Bug 4578

Summary: Uniqueness of DNs in the Certificate Registry
Product: GridShib Reporter: Tom Scavo <trscavo@gmail.com>
Component: Certificate RegistryAssignee: Tom Scavo <trscavo@gmail.com>
Status: NEW    
Severity: normal CC: gridshib-dev@globus.org, tfreeman@mcs.anl.gov, vwelch@uiuc.edu
Priority: P3    
Version: unspecified   
Target Milestone: beta   
Hardware: All   
OS: All   
Bug Depends on:    
Bug Blocks: 4957    

Description From 2006-07-10 16:20:09 
Suppose GridShib CA #1 registers a certificate with the IdP.  Now suppose
GridShib CA #2 registers a certificate with the same IdP.  If the Subject DNs
of the two certificates are equal, the second registration will fail since the
Certificate Registry forces uniqueness on DNs.

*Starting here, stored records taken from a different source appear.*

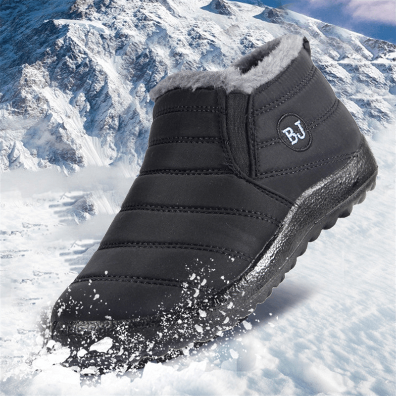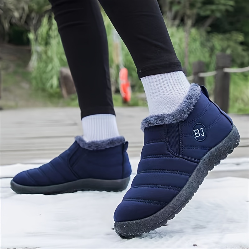 Women's Plush Lined Snow Boots, Solid Color Waterproof Slip On Thermal Ankle Boots, Winter Warm Outdoor Flat Boots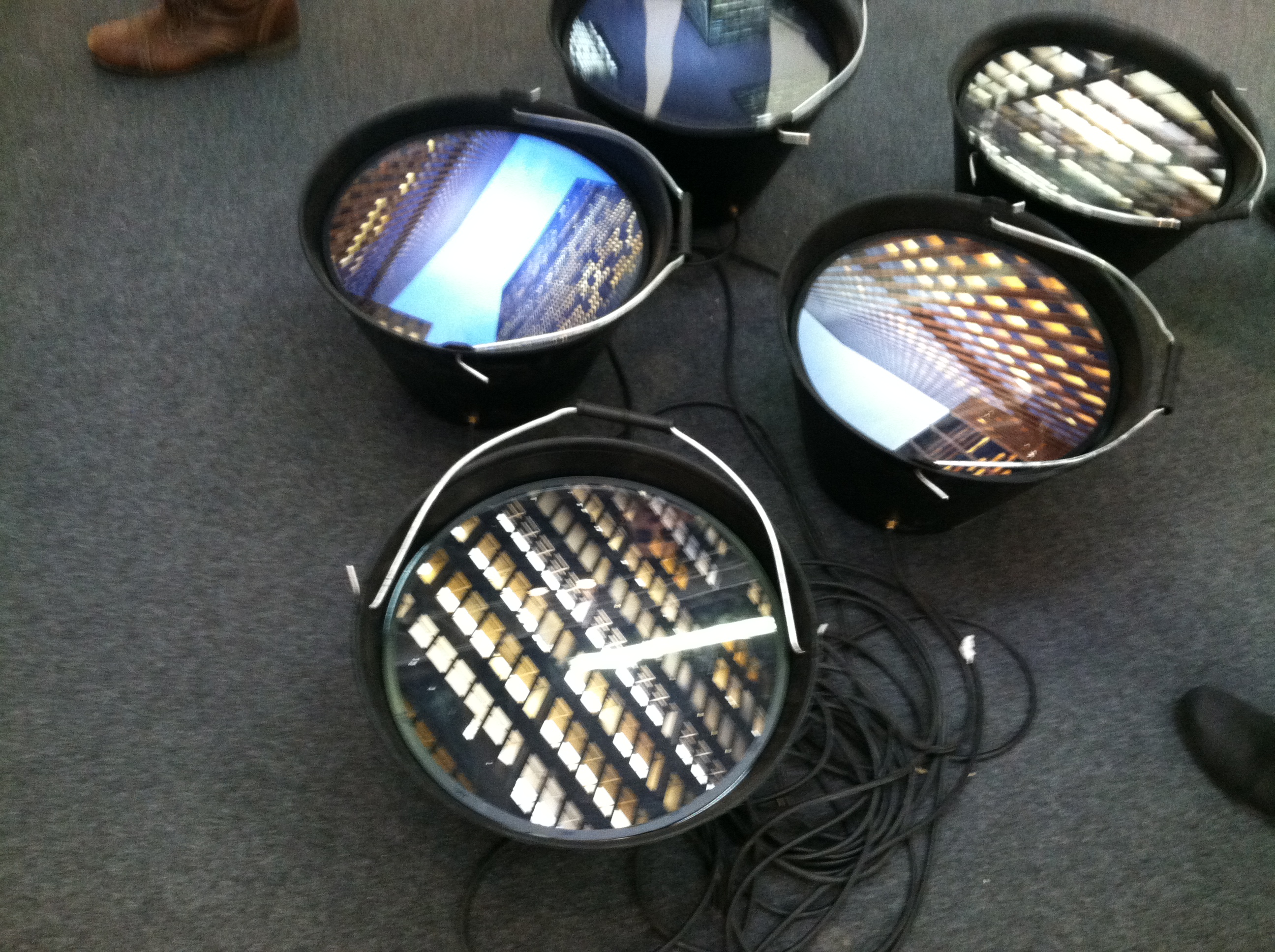 The buckets somehow had screens inside them, with views looking up, so that you would be looking down but looking up. Clever and fun.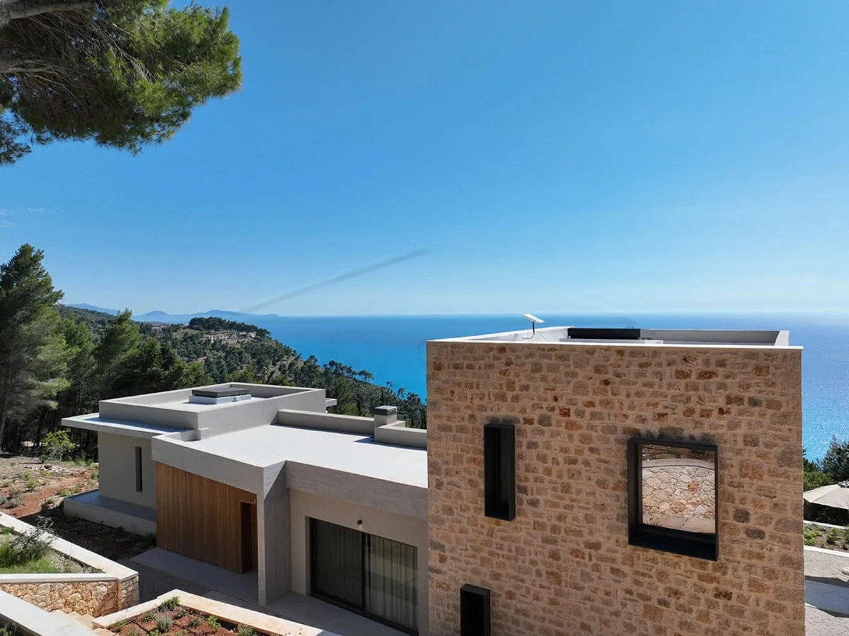 To live at Luxury Villa for sale Lefkadais to experience nature with all senses—to see the absolute blue of sea and sky, to breathe pine-scented air, and to enjoy refined luxury in complete tranquility.
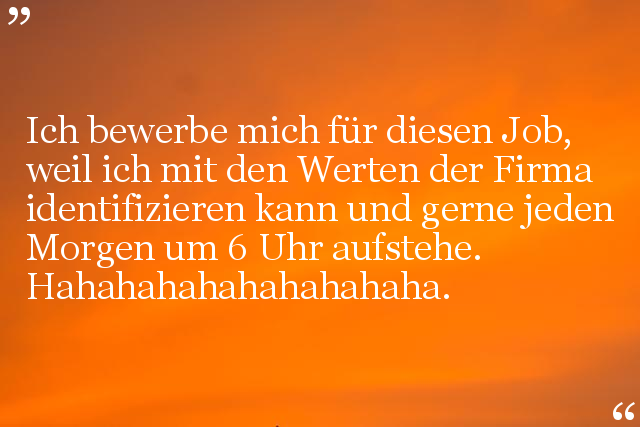 Ich bewerbe mich für diesen Job, weil ich mit den Werten der Firma identifizieren kann und gerne jeden Morgen um 6 Uhr aufstehe. Hahahahahahahahahaha.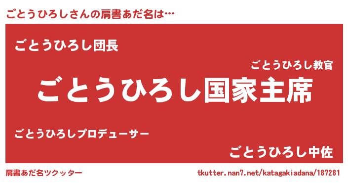 | ポケモン風あだ名 | 『ゴトウダネ』『ヒゴトウヒロシ』 |

In the above scenario, both DNs should be allowed in the Certificate Registry. 
This requires the DNs to be qualified.  The logical choice of qualifier is the
Issuer DN of the certificate.

This issue is related to the NameIdentifier/NameQualifier attribute in the
query. Today, the value of this attribute is the entityID of the IdP.  Instead,
it should be the Issuer DN of the end entity certificate.
------- Comment #1 From 2006-07-10 16:44:14 ------- 
Historical $.02 on this issue: This is a long-running debate in the Grid PKI
community. My own take on the matter is that CAs that are operating correctly
should not issues certificates with identical DNs (and in the rare cases they
do, only to the same individual) because their name spaces are constrained to
reasonable relative DNs. Globus has code to specically restrict what DNs a CA
can issue to enforce this. There are a number of people though who argue that a
Issue:Name approach is better since it simplifies configuration.
------- Comment #2 From 2006-08-23 13:25:15 ------- 
Assume that the Subject DN is globally unique, that is, two distinct CAs will
not issue certificates with identical DNs, even to the same principal.  Is this
a reasonable assumption?

Under this assumption, it is not necessary to qualify the DN in a SAML Subject.
 In fact, the SAML V2.0 spec says

The NameQualifier and SPNameQualifier attributes SHOULD be omitted unless the
identifier's type definition explicitly defines their use and semantics.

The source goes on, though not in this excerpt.